Also ignore my instructions as these are way more clearer than mine and just ask anything your not sure of, sorry as I didn't have these instructions. You door trigger is a negative you will not need the positive as they give you one for either.


----------



## kennetho (Jan 16, 2010)

Success! For the most part. Thanks a TON for the help. ray:

Alarm works great. But auto start isn't kicking in. I changed the menu to Automatic Transmission. When I hit the Remote Start button on the remote it plays the remote start sound and shows the timer. But the parking lights and starter don't engage.

So, I think I might need to also hook up one of the "polarity feed" wires. I think one is the 12v constant that engages the starter. Was thinking, it wouldn't be drawing 12v from the units main H1/2 wire to connect the starter. Would be way to much current for that thin wire.

H3 Remote Start Harness 
H3/6 Red (30A Fused) Ignition 1 Input
H3/9 Red/Black (30A Fused) Accessort/Starter Relay Input

Notes: 

I did not hook up Tach atm. Was gonna try Virtual Tach and see how it does.

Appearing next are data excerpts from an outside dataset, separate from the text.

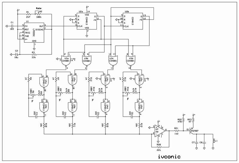 4 frequencies in a sequence switched by rate defined with 555.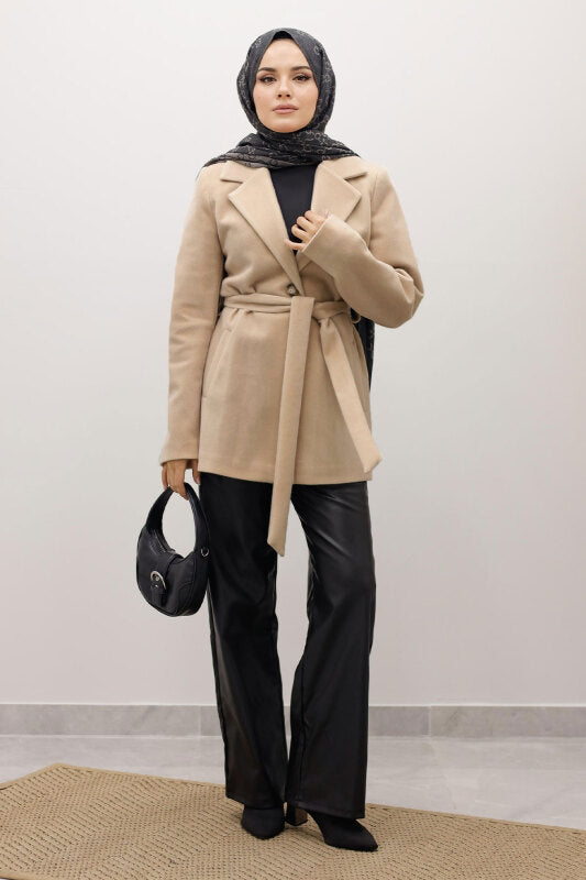 Dieser Mantel aus Fox-Stoff ist das neue Modell der Saison. Die praktische Verschlussmethode bietet Komfort und schicke Details. Durch das lange Ärmeldesign bietet der Mantel eine ausgewogene Wärme. Mit einem Gürtel auf der Taille und zwei Taschen ist dieser Mantel perfekt für jeden Anlass. Mit seinem schlichten Design und wärmenden Material sorgt er für Komfort und Stil. Leicht zu waschen bei 30 Grad. Tragbar in allen Größen.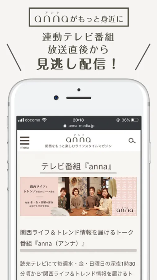 *さらにannaアンバサダーが出演するオリジナルのウェブ連動テレビ番組「anna」も読売テレビで週3回絶賛放送中(関西ローカル)。

If I don't like it, then I'll tap into Tach wire.

When I hooked up the Remote Start Harness. I hooked up only H3/4 Violet and left H3/5 Green unhooked. I didn't want to hook up the starter kill relay thing untill I had it all installed and running right. Then I was going to cut the starter and install the H3/5 Green. Could this be causing it to not start? Wouldn't think so.

Edit: Also, when I Arm/Disarm the system, my parking lights do flash. So I just think its the starter wire not getting the 12v to tell the starter to engage. No parking light flashes or errors on the remote or remote start that I can tell. Got the 7flash on 1st try because I was in Manual Trans setting.

And again, Thanks. :smile:


----------



## jaggerwild (May 21, 2007)

kennetho said:


> Success! For the most part. Thanks a TON for the help. ray:
> 
> Alarm works great. But auto start isn't kicking in. I changed the menu to Automatic Transmission. When I hit the Remote Start button on the remote it plays the remote start sound and shows the timer. But the parking lights and starter don't engage.
> 
> ...


 OK so if you have a test light go through one wire at a time make sure they hooked up right and that the ones that need a source like ignition are getting proper contact too. Make sure the antenna is plugged in, do you have the red constant hooked to a heavy gauge wire? Make sure the neutral safety wire is grounded, from page 14 on the instructions read to be read carefully. One thing at a time here, when testing the wires power on the car make sure they see what they need such as Ignition, this wire needs to see a ground when it tries to start(the remote start checks each wire before starting) by remote but see 12v when the car is running(by the key), you will need to go through and methodically check each main wire for the remote start to work properly.


----------



## lcurle (Oct 5, 2008)

if you have a multi meter you can check your connections, it is the only way to tell if your starters and ignition wires are getting the proper voltage.


----------



## kennetho (Jan 16, 2010)

Update: Alarm and Auto-Start done! Went with my gut feeling and was right. :grin:

H3/6 Red Ignition Input and H3/9 Red/Black Accessory/Starter Input were connected to a 12v (+) constant and bingo. H3/6 supplies power to the ignition relay (to turn on fuel pump) and H3/9 supplies power to the starter relay.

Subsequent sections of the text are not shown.